Starting at the line that contains "Lunera prioritizes controlled, warm", please transcribe every line through the end of the entries, exactly and with no pictures.

(Data excerpts)
==================================================
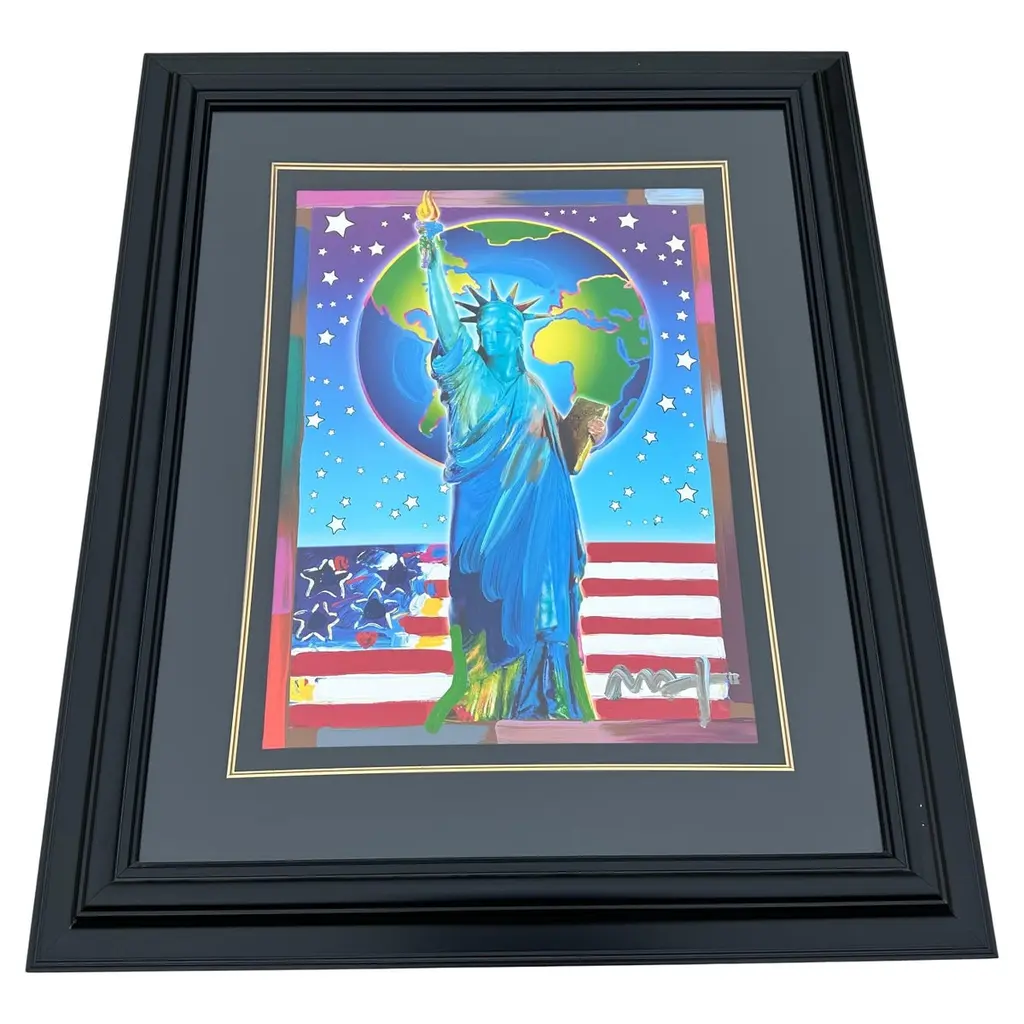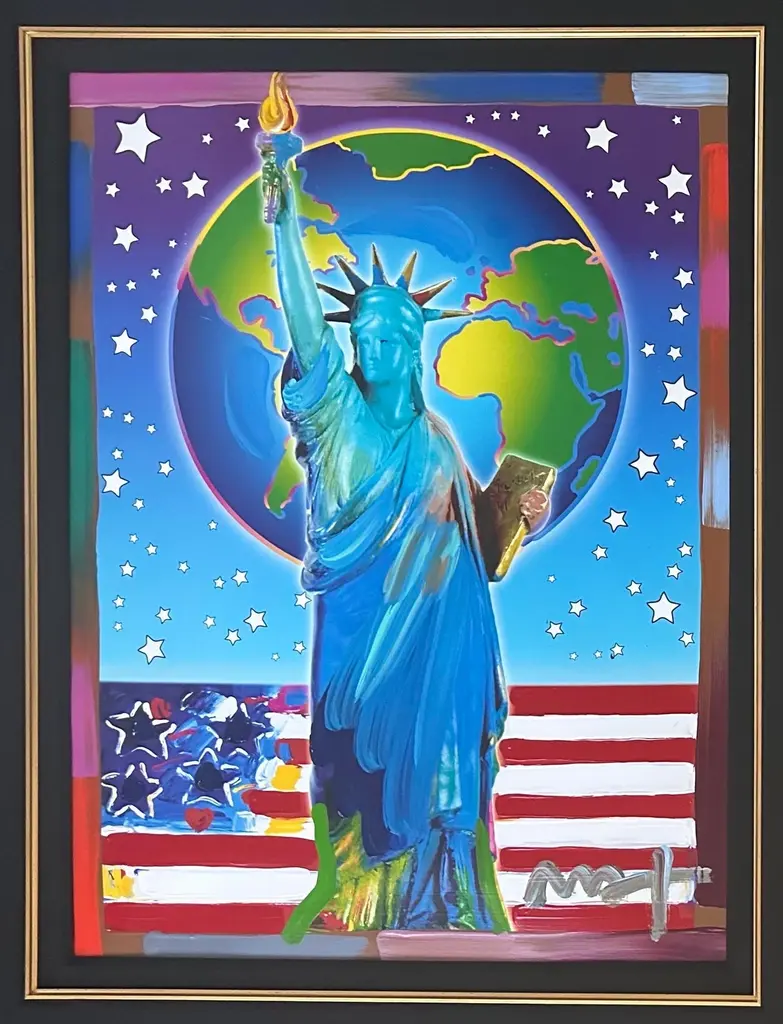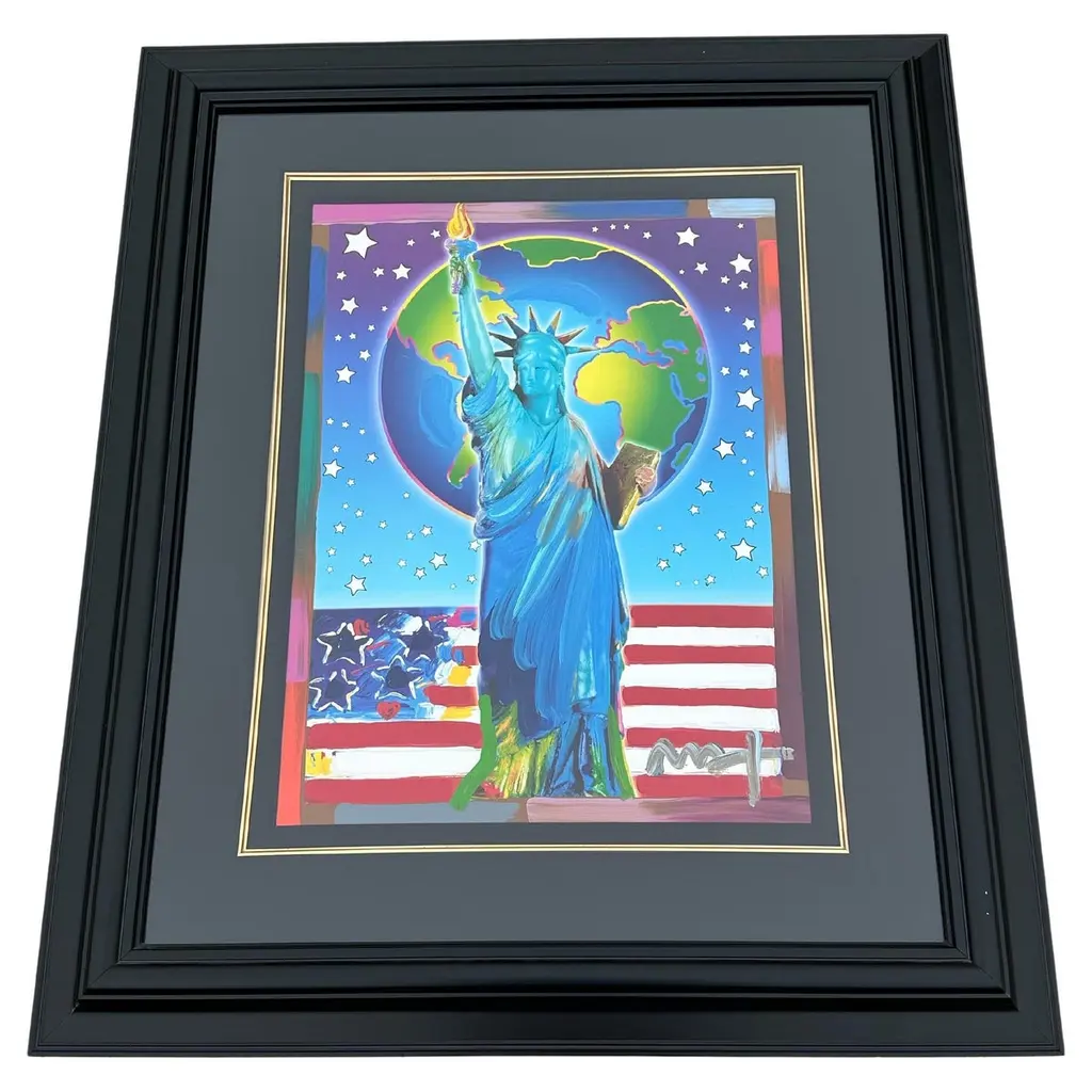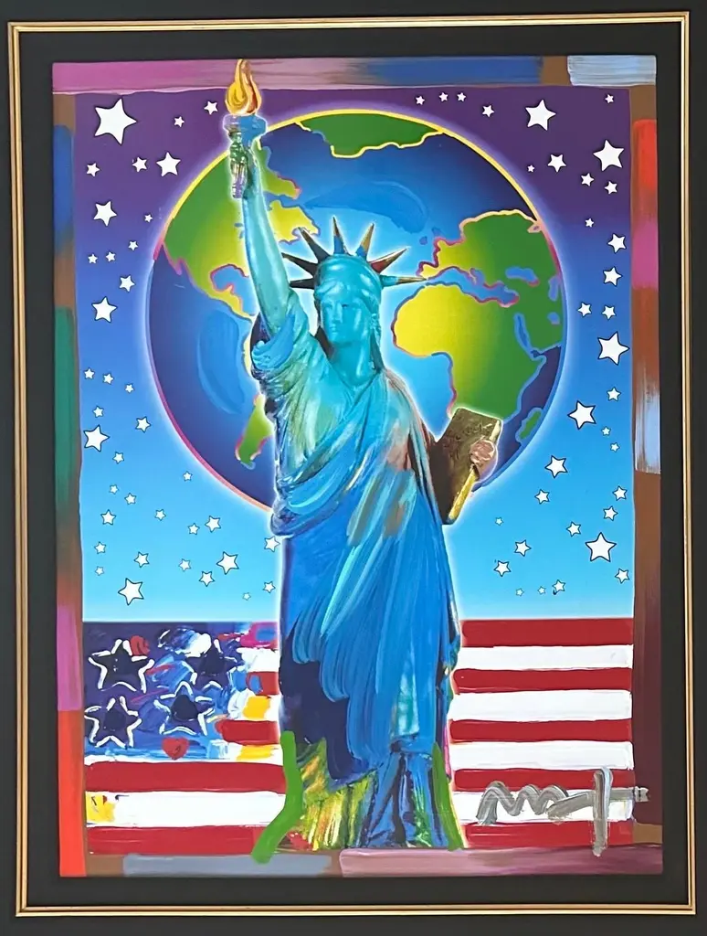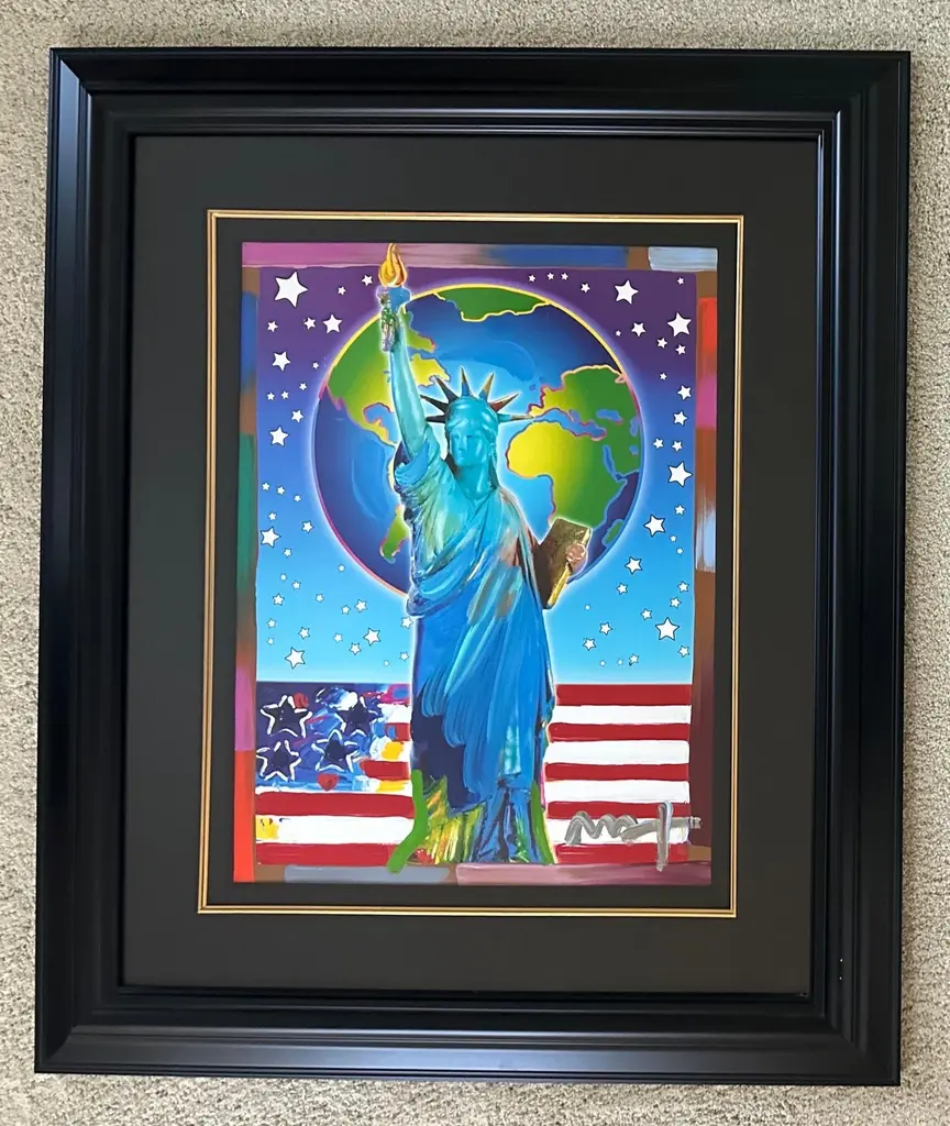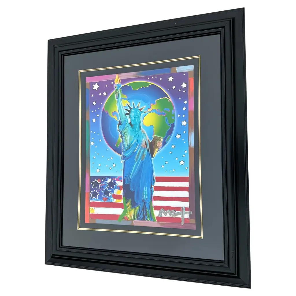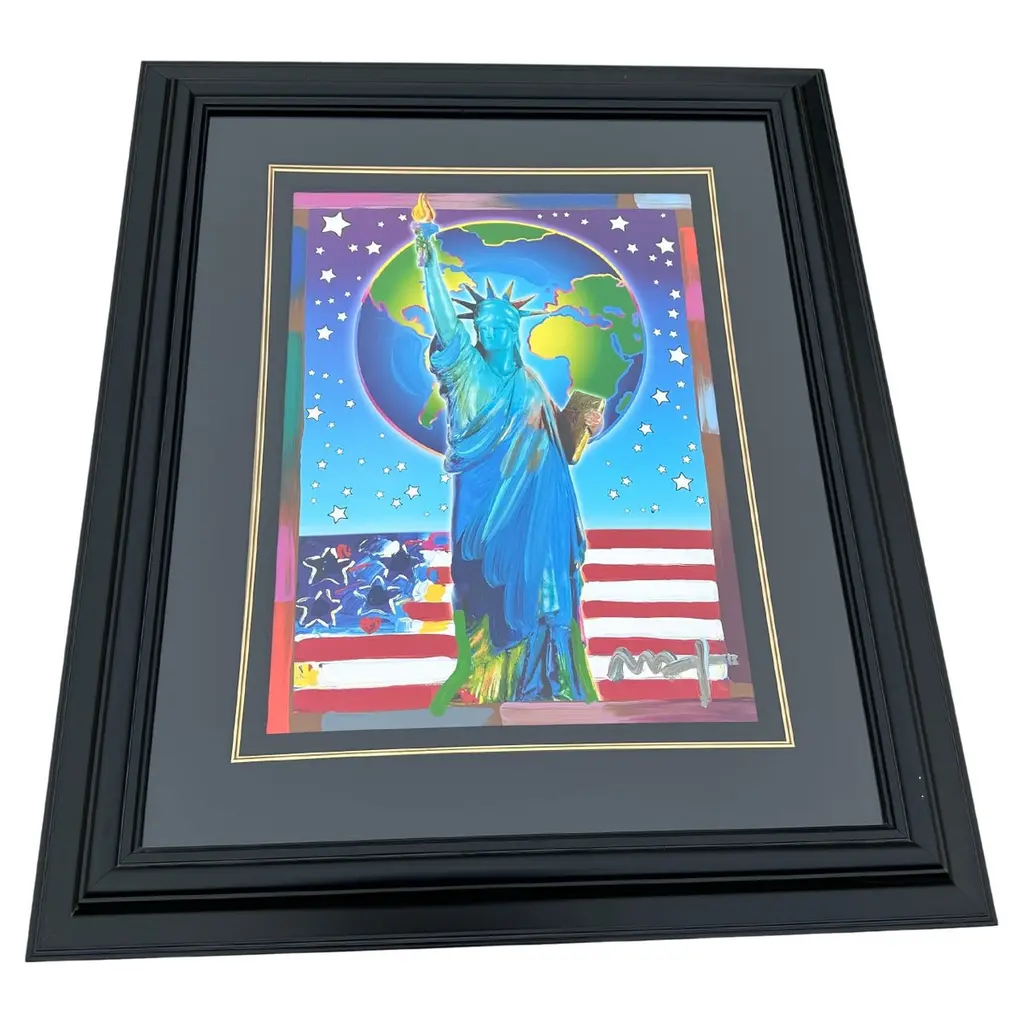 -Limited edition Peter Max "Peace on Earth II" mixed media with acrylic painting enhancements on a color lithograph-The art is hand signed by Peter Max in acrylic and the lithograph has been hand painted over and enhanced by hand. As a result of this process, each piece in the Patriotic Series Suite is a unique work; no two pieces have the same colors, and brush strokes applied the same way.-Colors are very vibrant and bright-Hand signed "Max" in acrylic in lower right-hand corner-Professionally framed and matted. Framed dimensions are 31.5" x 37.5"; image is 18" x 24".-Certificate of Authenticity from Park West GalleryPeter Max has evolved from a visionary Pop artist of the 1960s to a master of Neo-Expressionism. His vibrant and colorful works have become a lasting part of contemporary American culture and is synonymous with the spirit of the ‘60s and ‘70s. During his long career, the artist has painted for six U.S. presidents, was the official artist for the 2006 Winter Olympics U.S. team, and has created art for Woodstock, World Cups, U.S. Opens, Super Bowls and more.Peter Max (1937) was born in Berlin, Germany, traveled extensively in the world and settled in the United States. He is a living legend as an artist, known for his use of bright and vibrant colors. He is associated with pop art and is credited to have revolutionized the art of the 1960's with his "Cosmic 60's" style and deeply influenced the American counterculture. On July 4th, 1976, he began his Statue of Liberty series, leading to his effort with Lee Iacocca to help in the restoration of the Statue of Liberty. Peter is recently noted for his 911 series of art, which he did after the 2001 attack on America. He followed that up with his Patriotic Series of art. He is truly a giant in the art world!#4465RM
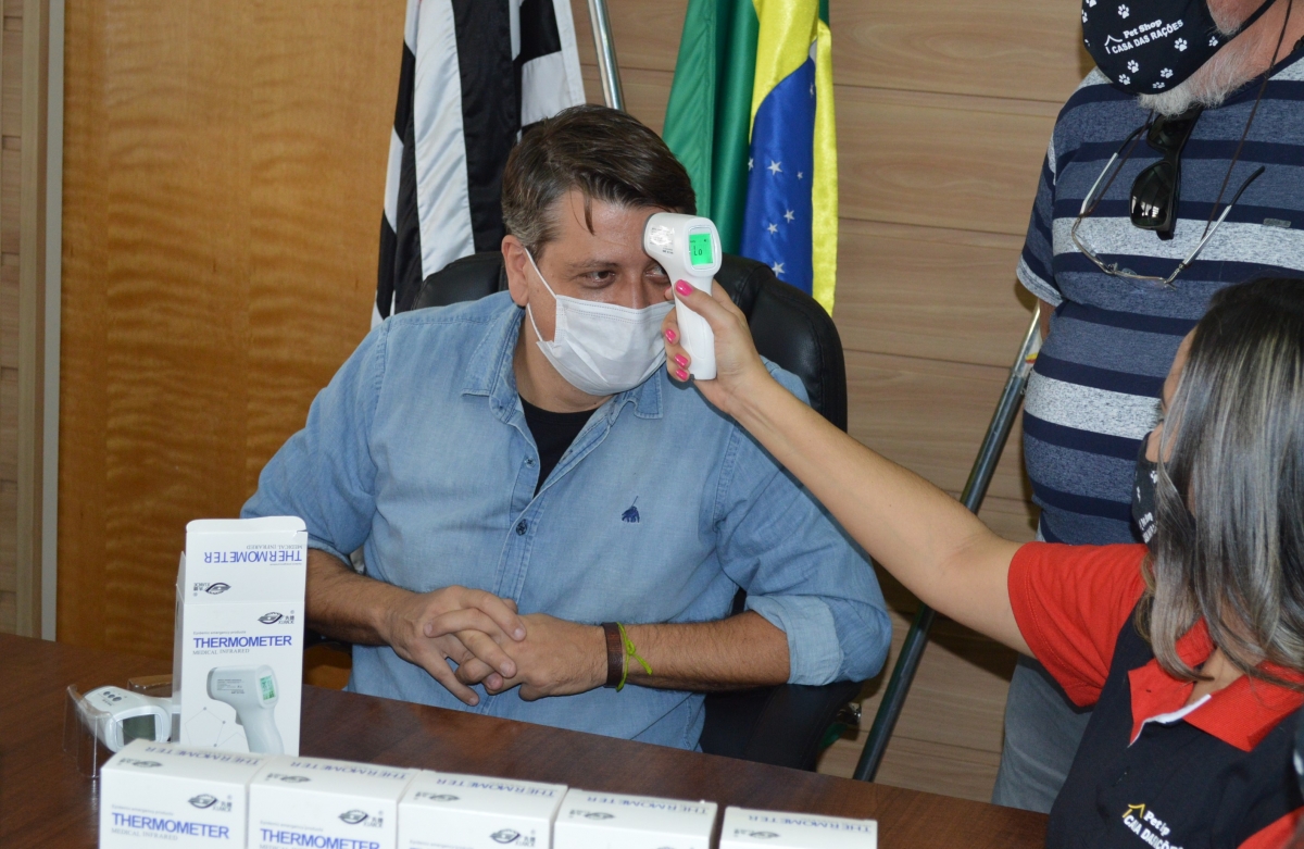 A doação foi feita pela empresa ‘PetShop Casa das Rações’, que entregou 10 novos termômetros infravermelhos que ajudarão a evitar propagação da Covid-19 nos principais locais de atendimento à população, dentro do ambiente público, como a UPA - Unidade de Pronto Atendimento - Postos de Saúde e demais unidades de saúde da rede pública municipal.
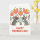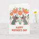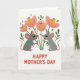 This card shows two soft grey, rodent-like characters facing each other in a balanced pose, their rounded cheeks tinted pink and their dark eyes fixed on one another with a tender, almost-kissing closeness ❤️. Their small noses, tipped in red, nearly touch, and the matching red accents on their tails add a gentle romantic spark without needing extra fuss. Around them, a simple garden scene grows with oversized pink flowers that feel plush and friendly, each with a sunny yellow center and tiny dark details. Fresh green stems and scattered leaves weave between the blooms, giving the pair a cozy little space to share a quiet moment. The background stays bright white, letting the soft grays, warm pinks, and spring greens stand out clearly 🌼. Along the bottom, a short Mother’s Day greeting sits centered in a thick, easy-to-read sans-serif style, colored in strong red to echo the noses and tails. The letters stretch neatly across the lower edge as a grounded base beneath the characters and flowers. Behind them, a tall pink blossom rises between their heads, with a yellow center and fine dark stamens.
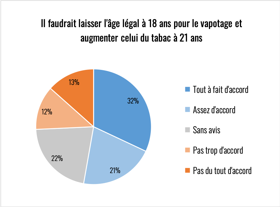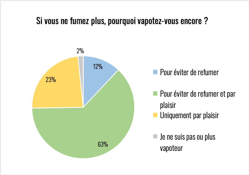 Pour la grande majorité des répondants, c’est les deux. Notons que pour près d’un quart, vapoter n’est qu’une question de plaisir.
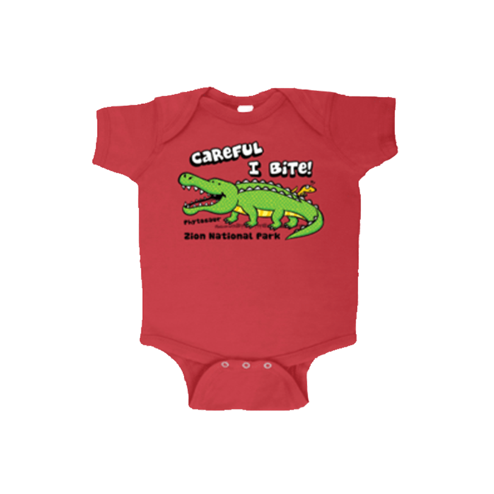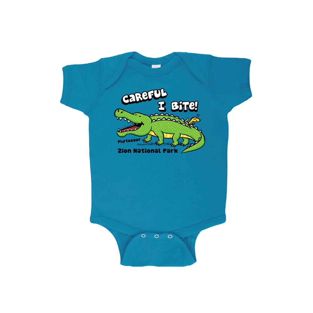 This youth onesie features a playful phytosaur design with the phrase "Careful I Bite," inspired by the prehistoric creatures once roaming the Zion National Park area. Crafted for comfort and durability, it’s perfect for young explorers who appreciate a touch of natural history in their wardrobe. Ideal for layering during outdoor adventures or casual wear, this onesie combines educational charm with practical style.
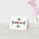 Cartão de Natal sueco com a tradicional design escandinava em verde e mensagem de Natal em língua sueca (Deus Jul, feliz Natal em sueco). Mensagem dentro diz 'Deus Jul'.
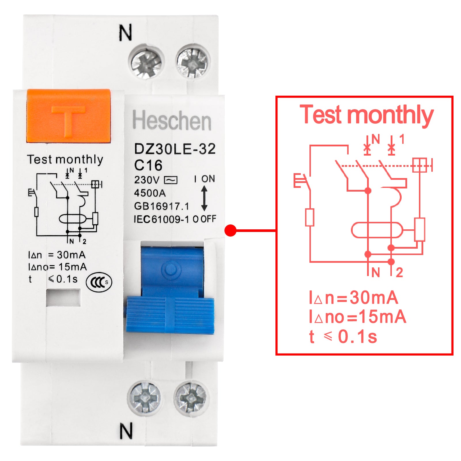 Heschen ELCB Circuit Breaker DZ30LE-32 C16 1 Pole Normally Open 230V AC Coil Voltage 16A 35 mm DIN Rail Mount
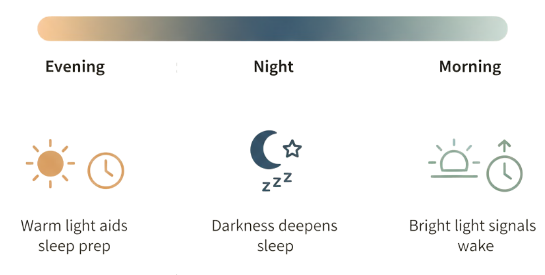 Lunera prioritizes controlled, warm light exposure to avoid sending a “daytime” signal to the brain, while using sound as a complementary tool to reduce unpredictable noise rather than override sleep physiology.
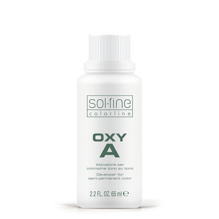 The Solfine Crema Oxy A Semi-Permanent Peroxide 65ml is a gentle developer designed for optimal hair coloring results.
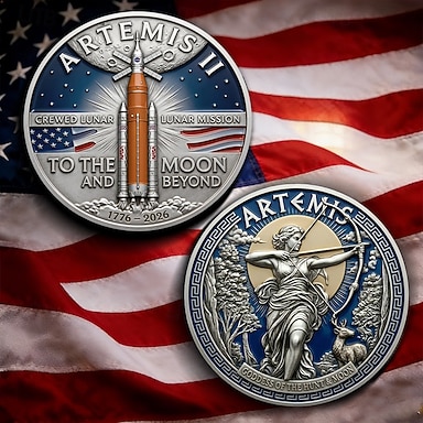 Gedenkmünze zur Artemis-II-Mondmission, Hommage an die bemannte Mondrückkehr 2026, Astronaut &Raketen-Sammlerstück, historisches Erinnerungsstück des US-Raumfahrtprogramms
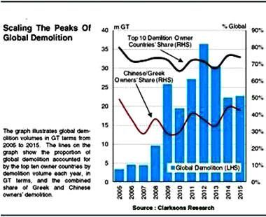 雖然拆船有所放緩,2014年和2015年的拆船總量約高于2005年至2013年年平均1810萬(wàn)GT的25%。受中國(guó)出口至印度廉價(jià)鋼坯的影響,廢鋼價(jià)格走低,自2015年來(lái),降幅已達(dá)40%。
==================================================
- [Answer]:
 Lunera prioritizes controlled, warm light exposure to avoid sending a “daytime” signal to the brain, while using sound as a complementary tool to reduce unpredictable noise rather than override sleep physiology.
 The Solfine Crema Oxy A Semi-Permanent Peroxide 65ml is a gentle developer designed for optimal hair coloring results.
 Gedenkmünze zur Artemis-II-Mondmission, Hommage an die bemannte Mondrückkehr 2026, Astronaut &Raketen-Sammlerstück, historisches Erinnerungsstück des US-Raumfahrtprogramms
 雖然拆船有所放緩,2014年和2015年的拆船總量約高于2005年至2013年年平均1810萬(wàn)GT的25%。受中國(guó)出口至印度廉價(jià)鋼坯的影響,廢鋼價(jià)格走低,自2015年來(lái),降幅已達(dá)40%。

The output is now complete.